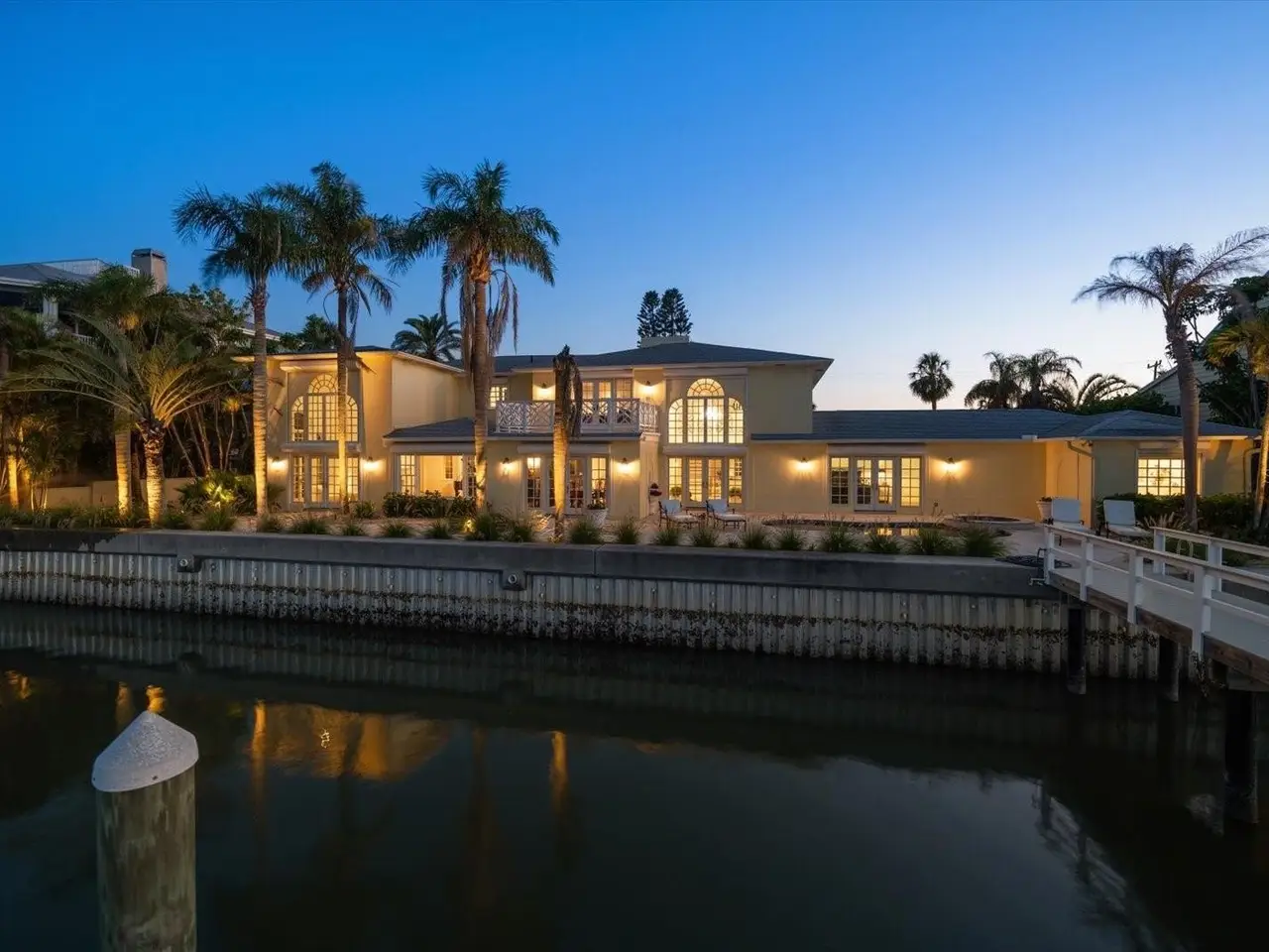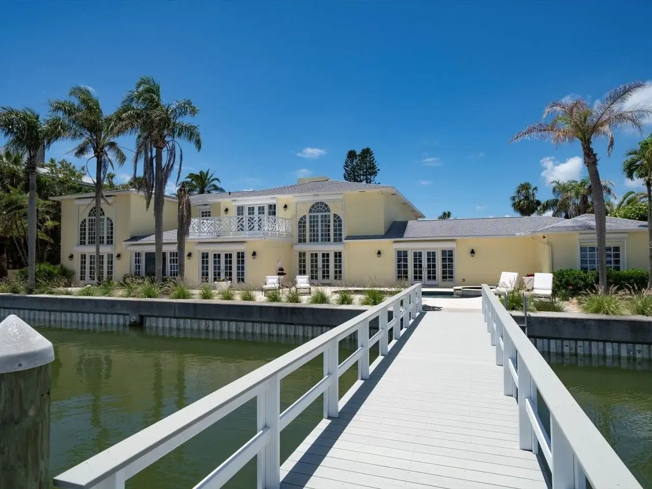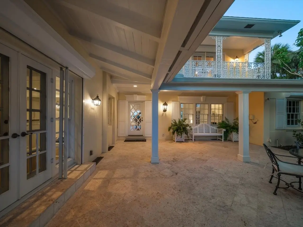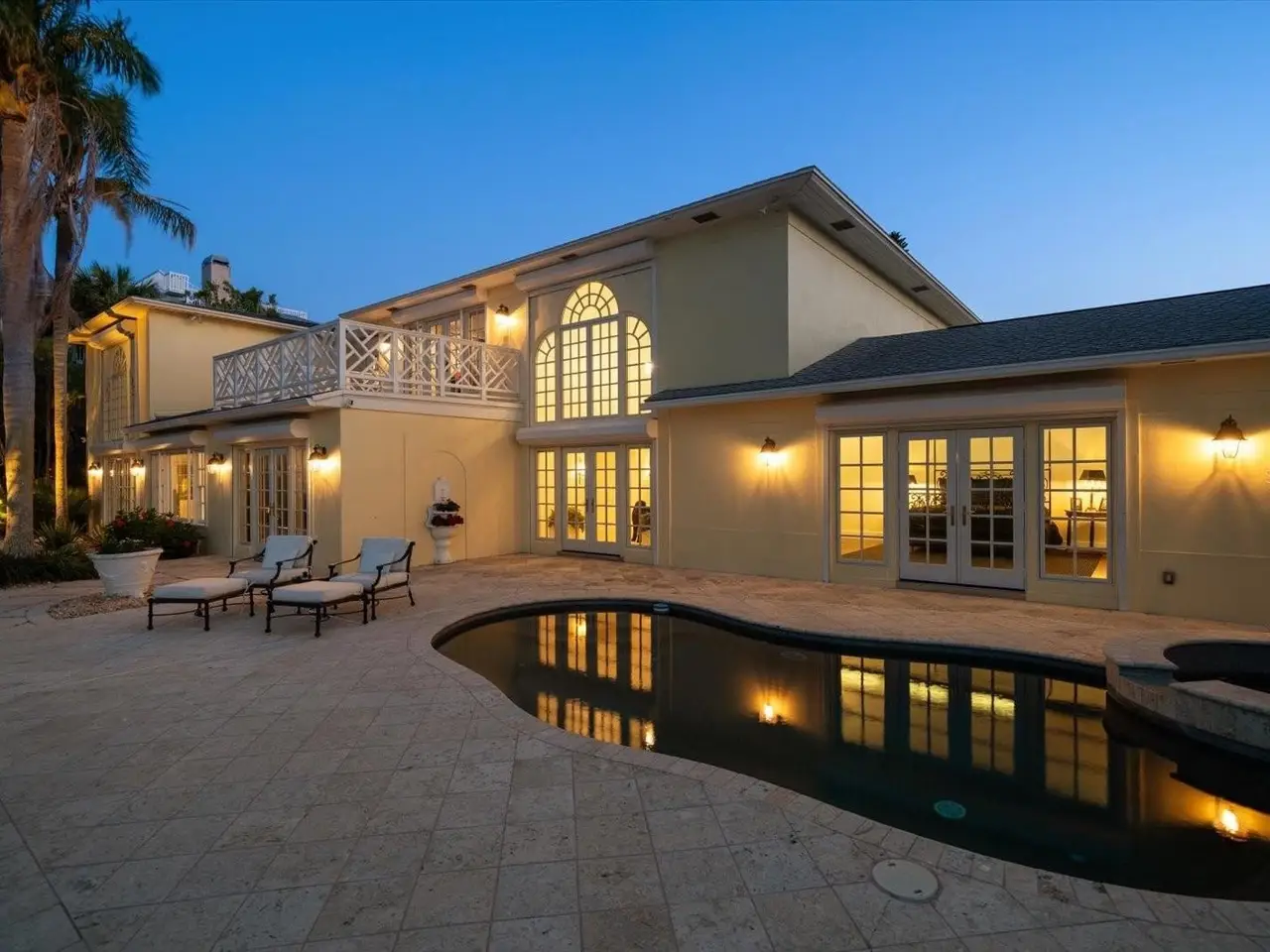 Near the tip of an island, among an enclave of luxury homes, this bayfront estate offers the rare combination of enduring architectural beauty and the easy rhythm of coastal living. Just a short walk brings you to deeded access to the white sands and gentle surf of the Gulf, while at home, the dock extends into calm waters where dolphins play and sunsets shimmer across the bay. Mornings begin with coffee on the dock, the sound of water lapping below and the flash of silver as fish break the surface. In the afternoon, a walk along the beach gives way to golden skies and the sun’s slow descent beyond the Gulf. Evenings invite a stroll to dinner at the nearby Carlouel beach and yacht club, where island living feels both intimate and elevated. Built in an era when grace, character, and quality were expected, this home has been thoughtfully restored to preserve its timeless soul while embracing the comfort of modern life. The result is a beautiful blend of casual sophistication and classic refinement—a home that feels equally suited for quiet reflection or grand entertaining. Gracious square footage offers space and privacy for family and guests alike. Entry is through a courtyard framed in limestone, leading into a grand living room with gleaming wood floors and expansive palladian windows that showcase breathtaking water views. It’s a room designed not just for living, but for gathering—an invitation to celebrate every moment with style and ease. The dining room shares the same gracious proportions, filled with light and views that make even everyday meals feel like an occasion. Every great home has a kitchen that serves as its heart, and this one does not disappoint. A chef’s showplace, it looks as if it were designed for a magazine spread, yet it’s warm and welcoming. The adjoining spaces encourage laughter and conversation, with a large bar for watching the chef at work, a comfortable breakfast nook, and a cozy gathering room anchored by a fireplace. The primary suite is located on the ground floor, where mornings begin with serene bayfront views and soft light filtering through palms. The ground floor also includes a private office and small library, creating quiet nooks for work or reflection—each with a connection to the water and the rhythm of island life. Upstairs, flexibility meets charm. Whether for family or guests, the space offers three generous bedrooms and a second family room with stunning water views—a perfect place for games, movies, or simply watching the bay change colors with the sky. Thoughtful details abound, from abundant storage to inviting alcoves that make every corner feel special. From its iconic Palm Beach inspired architecture to its graceful restoration, this bayfront home captures the art of living beautifully by the water. Elegant yet relaxed, private yet connected, it is a home where every day feels like a chapter in a timeless coastal story.
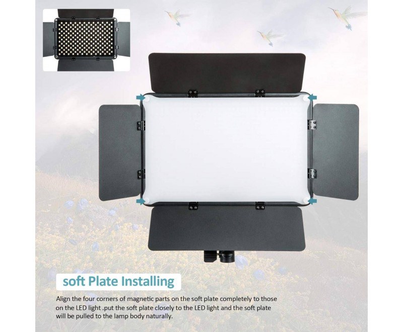 O Iluminador de LED Profissional Viltrox VLD640T com Controle Digital de Ajuste de Brilho e Temperatura de Cor (Fonte Bivolt) é um LED Video Light Ultra-Fino e Leve de alto brilho que adota Lâmpadas LED de alta qualidade que reduzem consumo e possui maior durabilidade do equipamento. Acompanha um Controle Remoto Digital para justes de Temperatura de Brilho. A temperatura de Cor Bicolor (3300K ~ 5600K) você pode alternar de luz quente para branca livremente e o brilho pode ser ajustado à vontade de 20% a 100% de acordo com às suas necessidades. É adequado para Filmagens dando uma grande variedades de cenas de vídeo, como em Fotografia Profissional. Possui placa de filtro magnético branca, pode ser facilmente anexada na luz de vídeo, tornando a iluminação mais suave e uniforme.
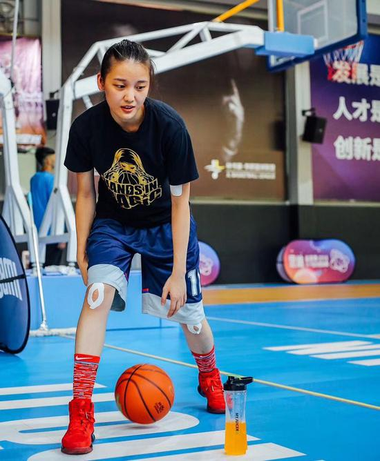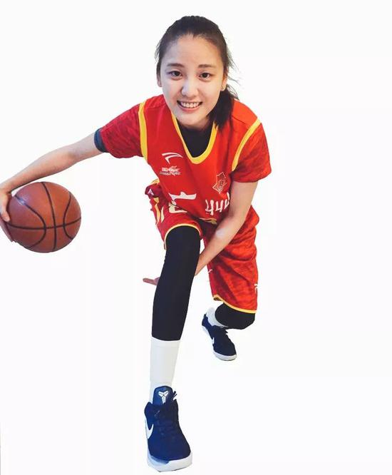 最后之所以选择篮球一方面是得益于她不同常人的身高和臂展
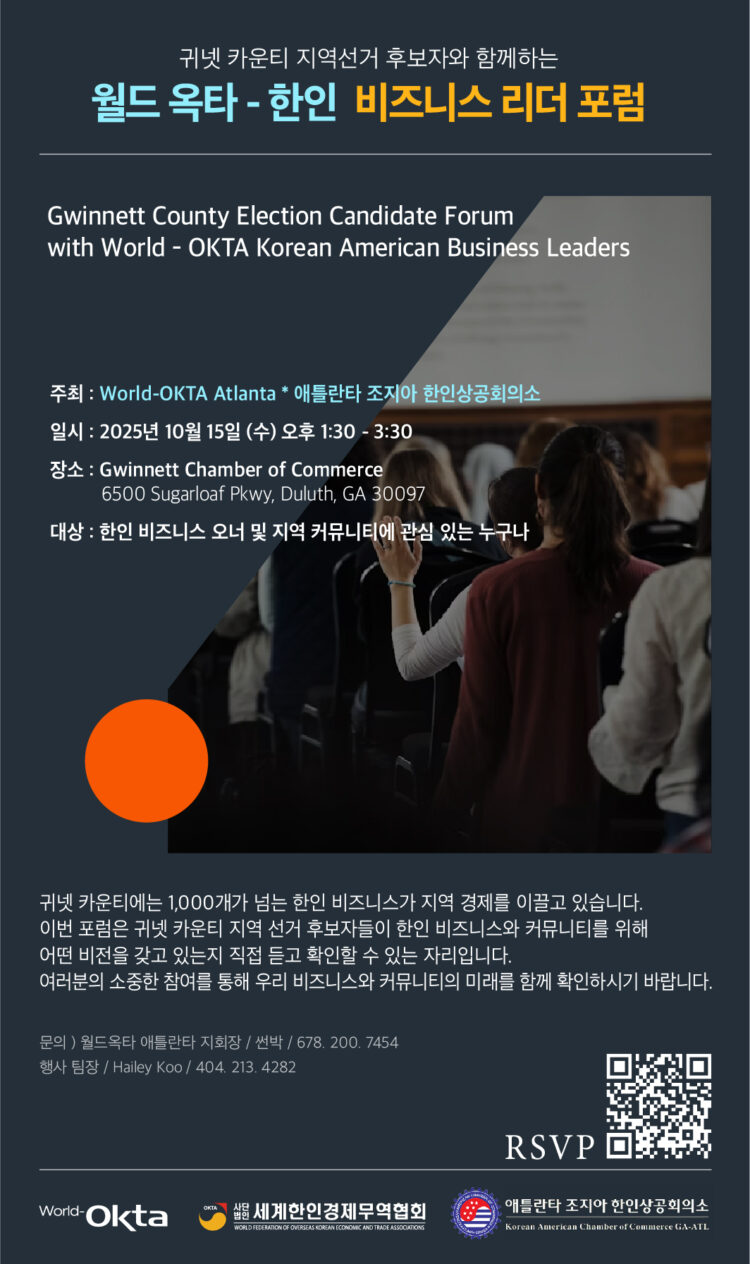 오는 11월 4일(화) 실시되는 귀넷카운티 지역선거에 출마한 후보자들이 포럼을 통해 한인 비즈니스 발전을 위한 정책 방향과 공약을 직접 설명하고, 질의응답을 통해 한인 경제인들의 목소리를 청취할 예정이다.

Exercise description: Your answer must be an exact copy of the lines from the line with "O Iluminador de" to the final line of the data, both ends included, and no pictures.

Completed task:
 O Iluminador de LED Profissional Viltrox VLD640T com Controle Digital de Ajuste de Brilho e Temperatura de Cor (Fonte Bivolt) é um LED Video Light Ultra-Fino e Leve de alto brilho que adota Lâmpadas LED de alta qualidade que reduzem consumo e possui maior durabilidade do equipamento. Acompanha um Controle Remoto Digital para justes de Temperatura de Brilho. A temperatura de Cor Bicolor (3300K ~ 5600K) você pode alternar de luz quente para branca livremente e o brilho pode ser ajustado à vontade de 20% a 100% de acordo com às suas necessidades. É adequado para Filmagens dando uma grande variedades de cenas de vídeo, como em Fotografia Profissional. Possui placa de filtro magnético branca, pode ser facilmente anexada na luz de vídeo, tornando a iluminação mais suave e uniforme.
 最后之所以选择篮球一方面是得益于她不同常人的身高和臂展
 오는 11월 4일(화) 실시되는 귀넷카운티 지역선거에 출마한 후보자들이 포럼을 통해 한인 비즈니스 발전을 위한 정책 방향과 공약을 직접 설명하고, 질의응답을 통해 한인 경제인들의 목소리를 청취할 예정이다.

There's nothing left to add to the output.